To understand the calcium- and neural-specific regulation of BDNF transcription, we have identified elements within the BDNF promoters that are required for induction of expression in response to membrane depolarization in neurons. The gene for BDNF has a complex organization with four initial exons, each of which can be spliced to a single 3′ exon containing the coding domain for the BDNF protein (Fig. (Fig.33A; ref. 77). Each of these four splice variants uses one of two alternative polyadenylation sites within the 3′-untranslated region. At present, the differential functions of these eight transcripts, all of which encode the same protein, are not known. One possibility is that these mRNA transcripts might be differentially targeted and translated within the cell, as some BDNF mRNA has been found to be transported into dendrites (78).

Figure 3
Calcium-dependent induction of BDNF exon III expression. (A) The BDNF gene has four potential initial exons, each of which can be alternately spliced to a single 3′ exon containing the complete BDNF coding sequence. Each of these splice variants ...

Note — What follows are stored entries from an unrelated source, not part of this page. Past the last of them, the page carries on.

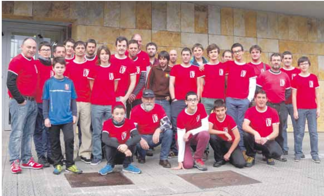
Abadiño xake taldeak Euskadiko Ohorezko Mailan jarraituko du, estatuko talderik indartsuenetako askogaz.

Abadiñok mailari eutsi dio eta Euskadiko onenekin jarraituko du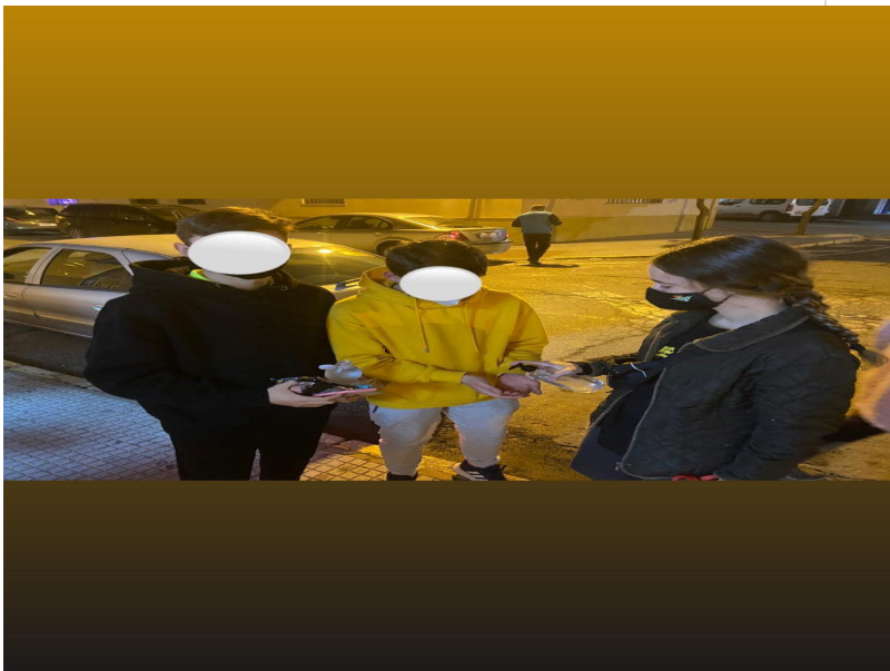
( http://www.rocianadelcondado.es/export/sites/rociانا/es/.galleries/noticias/Noticias-2020/equipo-covid2.jpg )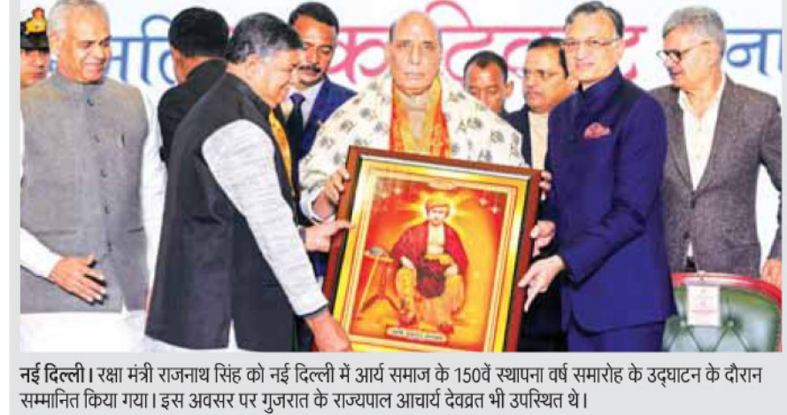
नई दिल्ली। रक्षा मंत्री राजनाथ सिंह को नई दिल्ली में आर्य समाज के 150वें स्थापना वर्ष समारोह के उद्घाटन के दौरान सम्मानित किया गया। इस अवसर पर गुजरात के राज्यपाल आचार्य देवव्रत भी उपस्थित थे।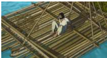
Échecs successifs - 37 -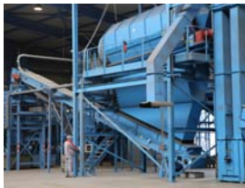
Anlage für Elektro(nik)-kleingeräte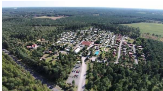
Campingplatz Auf dem Simpel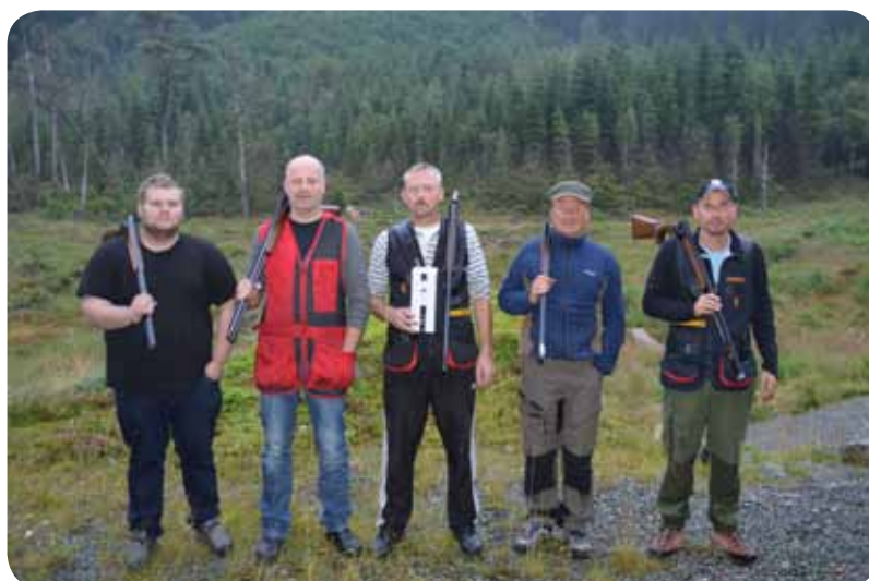
Finalelaget klubbmeisterskapen - 50 skot Jegertrap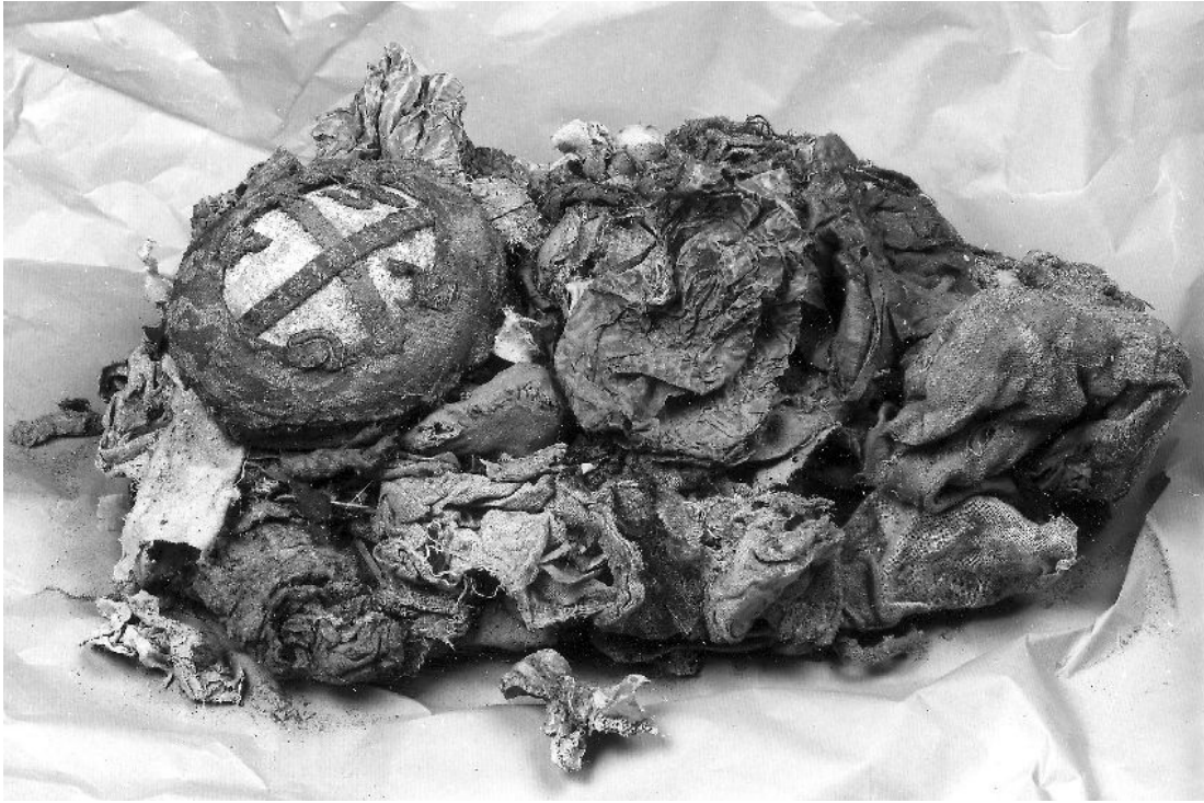
Relieken van de elfduizend maagden teruggevonden op de dekenijzolder van de Onze-Lieve-Vrouwekerk in Sint-Truiden. Foto vóór de conservatiebehandeling.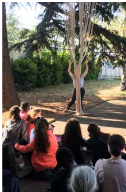
DE SES MAINS AU COLLÈGE ST EXUPÉRY À EAUBONNE (95)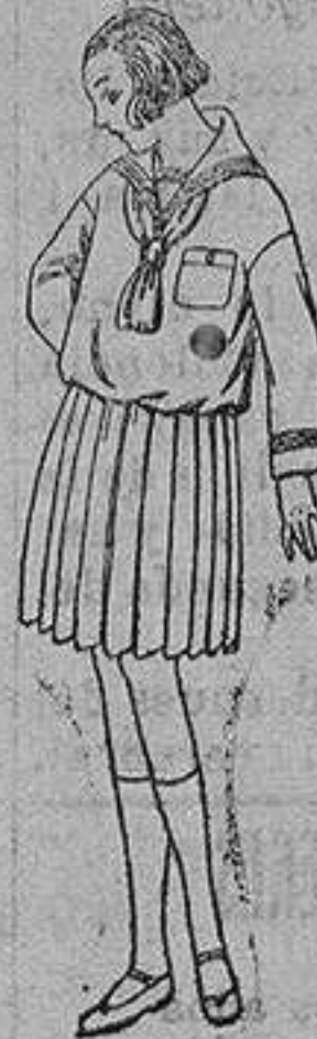
Trajes modelo "Marinera" drill, otomán o satén blanco, para niñas de 4 a 9 años de ptas. 16 a 38 Los mismos de estambre o jerga azul. de ptas 45 a 55.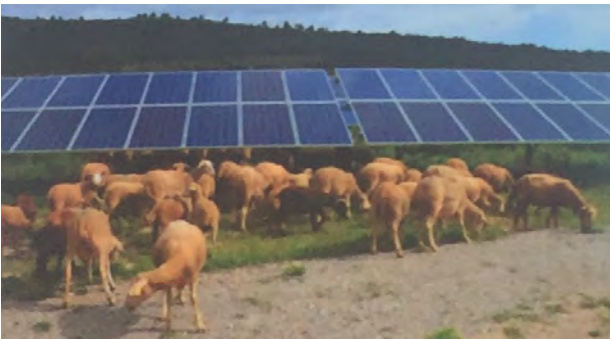
Co-usage des Corbières - pâturage et production d'énergie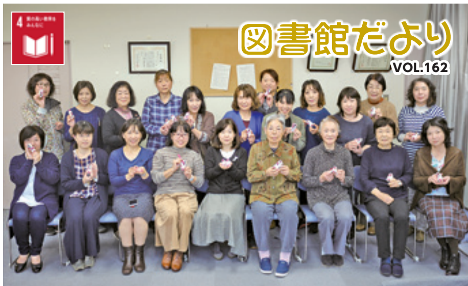
▲「エコクラフト講座」に参加した皆さん(11月7日)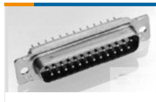
TE 产品编号443975-4 AMPLIMITE,RCPT ASY,POSTD,109,4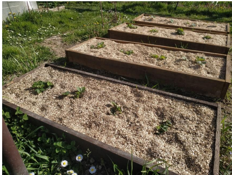
Slika 8. Piljevina korištena kao malč

Za uzgoj jagoda su najpogodnija humusno pjeskovito-ilovasta tla, tla dobro opskrbljena hranjivim tvarima, tla s dobrim vodozračnim režimom i tla kisele do neutralne reakcije (pH 4,5 - 6,5) (Krpina i sur., 2004.). Mogu se uzgajati i na siromašnijim tlima, ali urod će biti smanjen. Tla koja sadrže više od 60 % gline i preko 70 % pijeska su nepogodna za uzgoj. Od iznimne je važnosti držati korov pod kontrolom jer korovi oduzimaju biljci vodu i hranjive tvari. Oni se uništavaju pravilnom obradom tla ili pokrivanjem tla organskim materijalom koji se naziva malč. U pokusu je korištena piljevina kao malč i to je prikazano na slici 8.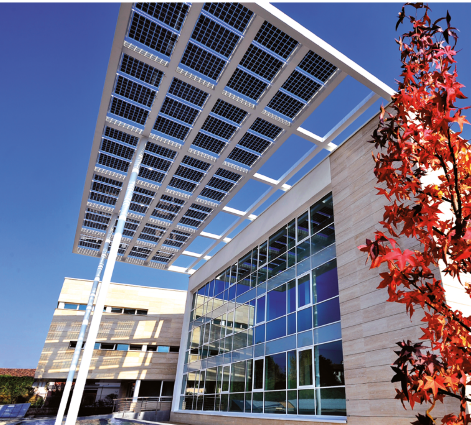
La sede della Polizia Locale inaugurata nel 1° Mandato di Alessandrini nel 2009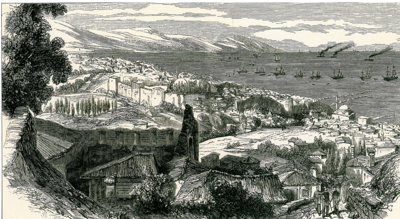
GÖRSEL 3: Trabzon (F. Mornand'dan)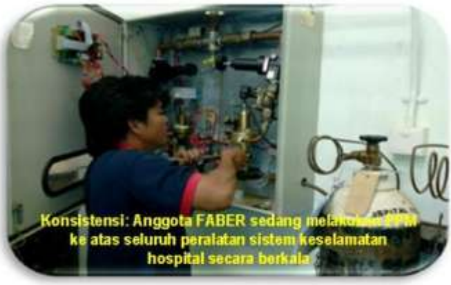
Konsistensi: Anggota FABER sedang melakukan PPM ke atas seluruh peralatan sistem keselamatan hospital secara berkala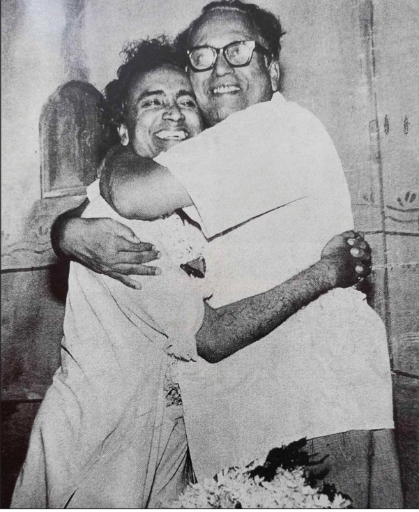
अमर शाहीर आणि आचार्य अत्रे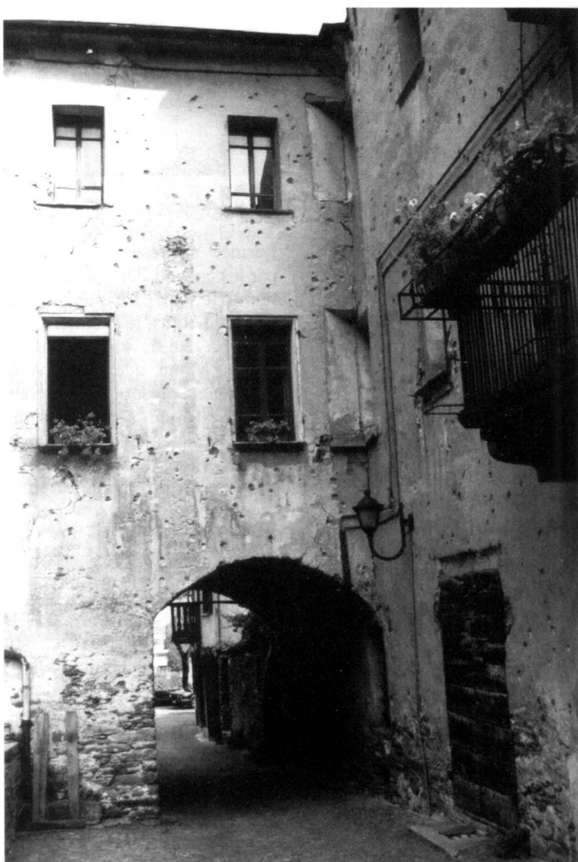
Village de Bard. Les façades de cette maison, la «Casa Nicole», portent encore les traces de balles et de mitraille des combats de 1800. A l'époque, la seule et unique route de la vallée, entre Aoste et Ivrea, passait sous cette voûte et traversait le pittoresque village de Bard!

gés, placés de manière à pouvoir s'appuyer les uns les autres, nommés «Fernandino» pour le fort inférieur (400 m), «Vittorio» pour le fort intermédiaire (425 m) et «Carlo Alberto» pour le fort couronnant le sommet du rocher de Bard (467 m). Parmi les officiers du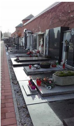
Slika 7: Grobnice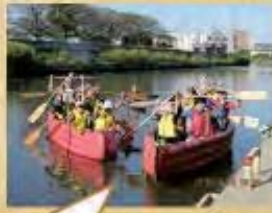
アユ目線で登って みよう！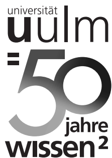
Vignette Graustufen (Eingeschränkte Kopierqualität)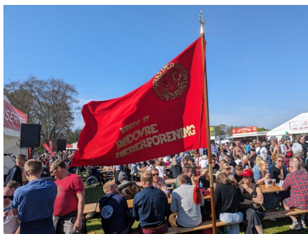
Fanen 1. maj i fælledparken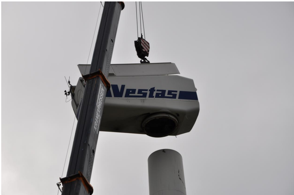
Nedmontering av vindkraftverket Vinghals i Sottunga, augusti 2010.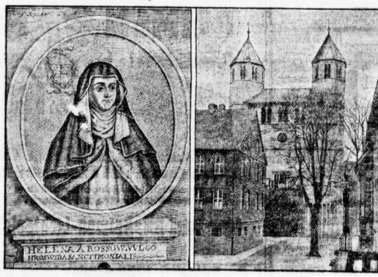
Ein Foto Roswitha von Sandersheim, die erste deutsche Dichterin, deren 1000. Geburtstag am 8. Februar in Sandersheim mit einer Festigung der deutschen Schriftstellerinnen begangen wird.

dem nötigen Verbinden, das auf dem Weg zu verschärfen. Wenn Sie mir mit einem Stück ausfallen können, lege ich gern zu Ihren Rechten —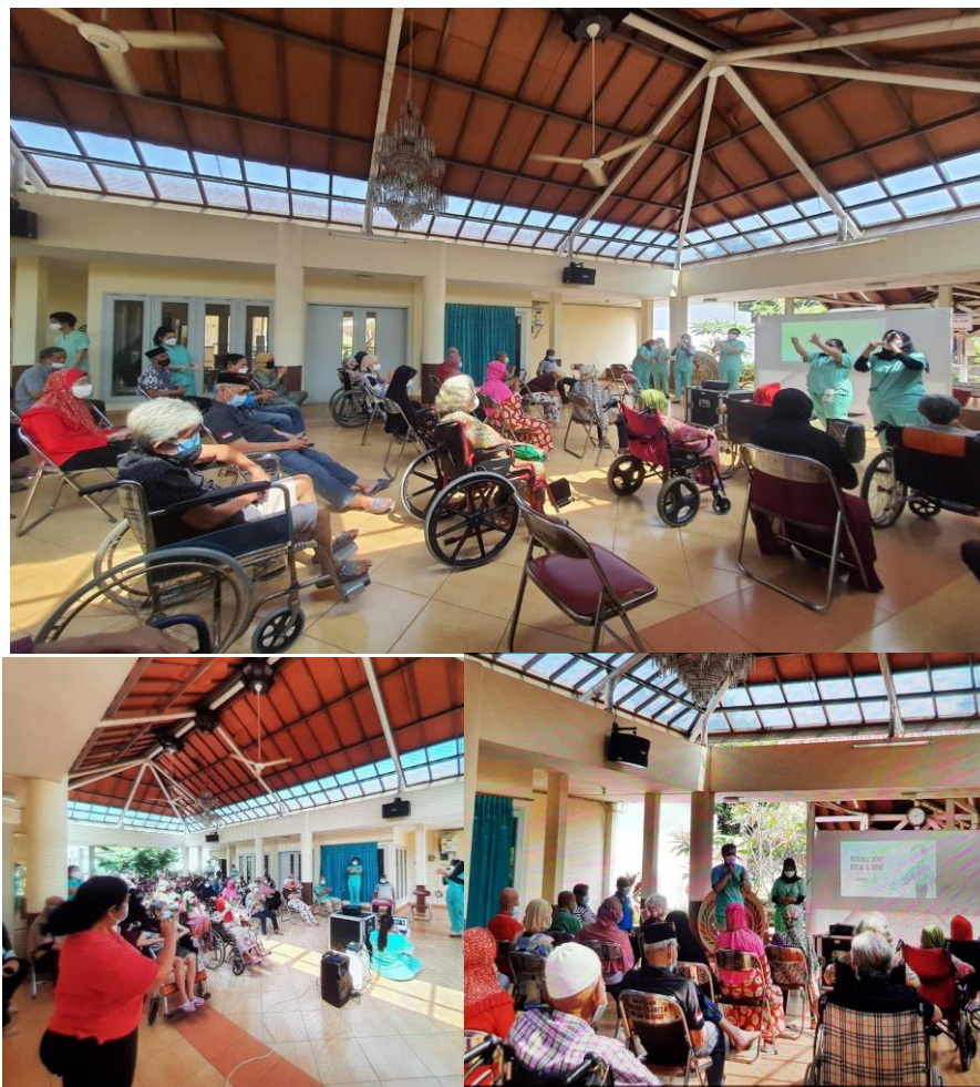
Gambar 3. Acara penyuluhan dan cuci tangan

Penerapan Perilaku Hidup Sehat Dan Bersih pada lansia adalah bagian dari program Gerakan Masyarakat Hidup Sehat (GERMAS) yang diterapkan oleh pemerintah. Peningkatan pengetahuan PHBS pada lanjut usia adalah upaya agar lansia dapat mandiri, tidak bergantung dengan orang lain serta mampu menjaga kesehatan serta kebersihan dirinya agar terhindar dari paparan penyakit. (Kauman, 2019).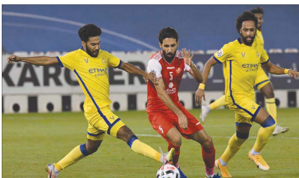
النصر يامل كسب الاحتجاج ضد بيرسيوليس وأن يحل مكانه في نهائي أبطال آسيا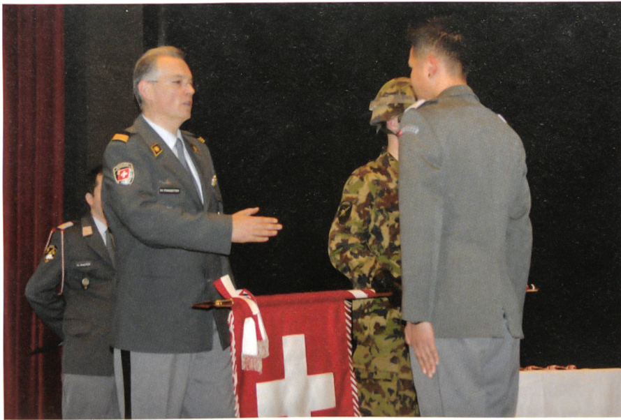
Gemäss alter Regel erfolgt in der Schweizer Armee die Beförderung per Handschlag.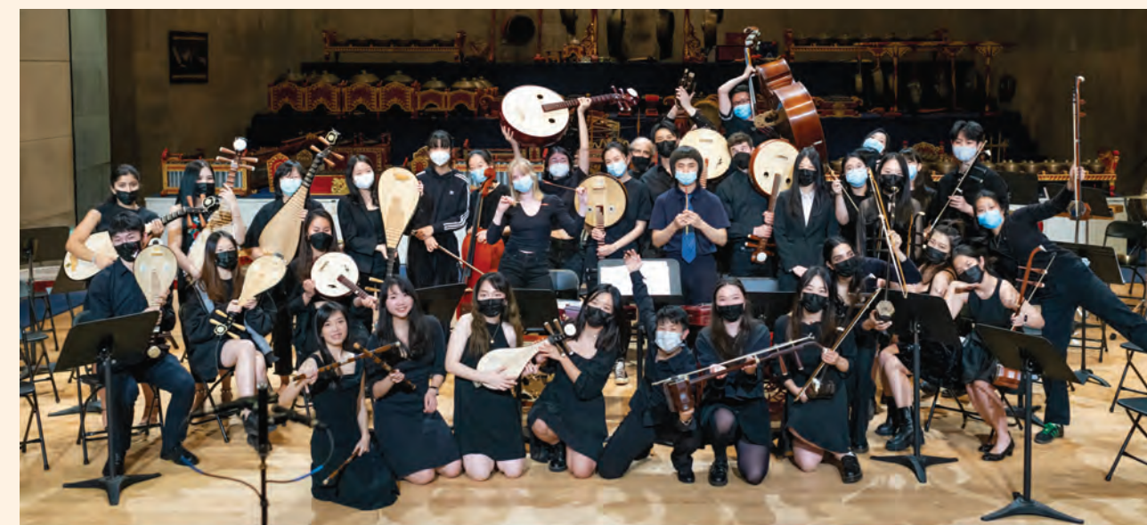
The Wesleyan Chinese Music Ensemble held their fall semester final performance in December 2022

On two cold winter nights in December 2022, Chinese music ensembles 1 from two universities on the East Coast of the United States each held their final concerts. The Wesleyan Chinese Music Ensemble, with 29 members, and the Smith College Chinese Music Ensemble, with 19 members, each performed eight pieces that lasted nearly an hour. The program featured a diverse range of performances, including full ensemble pieces, small ensemble performances, singing with the ensemble, solo instrumental pieces, and Peking opera singing. Members also introduced their instruments, adding an extra layer of depth to the performance. After the concert, I was touched to see some audience members express their gratitude, stating that it was their first time experiencing Chinese music up close in the U.S. Some Chinese-American students shared that they heard familiar sounds from their childhood, while some international students from Taiwan and China said they shed tears due to feelings of homesickness. It was a truly moving experience for all involved.

Regulatory elements that control transcription are most commonly found in the DNA sequences that flank the 5′ end of the initial exon of a transcript. Because there are four possible initial exons in the BDNF gene, it is important to determine which of these promoters are responsive to neuronal calcium-signaling pathways. Transcripts containing exons I, II, and III are expressed throughout the brain, whereas exon IV-containing transcripts are expressed primarily outside of the brain. Both exon I- and III-containing transcripts are induced by seizure activity in adult brain (77). Reverse transcription (RT)-PCR analysis demonstrates that transcripts containing exon III are the most highly induced BDNF transcripts in membrane-depolarized embryonic cortical neuron cultures (Fig. (Fig.33B; ref. 79). In these cells, induction of exon III-containing transcripts is not blocked when new protein synthesis is inhibited with cycloheximide, indicating that exon III transcription is driven by the posttranslational modification of preexisting transcription factors.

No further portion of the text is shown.